Skin cancers constitute arguably the most common and increasingly prevalent human neoplasms. In United States alone, it is estimated that 76,400 patients will develop melanoma and 10,100 will die from the disease [1]. Several risk factors, ultraviolet light the most important of these, but also environmental carcinogens, contribute to the increasing incidence of skin cancers, especially among light-skinned individuals [2]. The most common human skin cancers are basal cell carcinoma (BCC) and squamous cell carcinoma (SCC), but the most serious and most often fatal are malignant melanoma (MM) and Merkel cell carcinoma (MCC) [3].

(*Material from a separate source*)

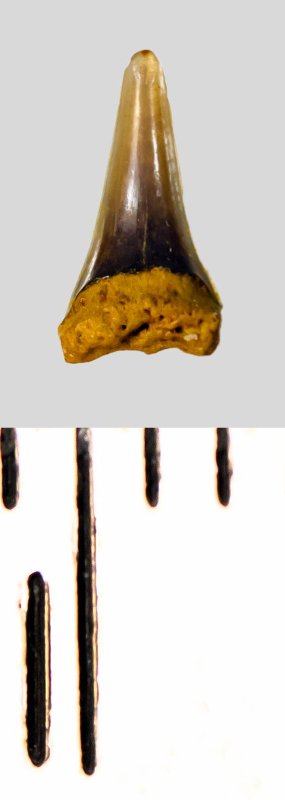Зуб (фрагмент). Акула. Eostriatolamia subulata (Agassiz, 1843). Классификация: Хордовые Chordata, Позвоночные Vertebrata, Хрящевые рыбы Chondrichthyes, Пластиножаберные Elasmobranchii, Акулы Selachii, Ламнообразные Lamniformes, Песчаные акулы Odontaspididae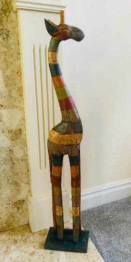 These striped giraffes are hand carved and painted by our talented artisans. These giraffes will stand tall wherever you decide to place them and add a touch of quirky to our normal giraffe design!

Basal cell carcinomas arise in keratinocyte stem cells [5]. Usually, in BCCs, the hedgehog signaling pathway is activated causing neoplastic transformation of keratinocytes. Signaling by smoothened, via the cognate receptors, activates the hedgehog signaling pathway and has been implicated in BCC pathogenesis [6].
The most common treatment for BCC is surgical excision, nowadays using Mohs micrographic surgery to ensure complete excision while sparing the surrounding tissue [4]. Curettage, cryotherapy or laser ablation is sometimes used for lesions considered less risky.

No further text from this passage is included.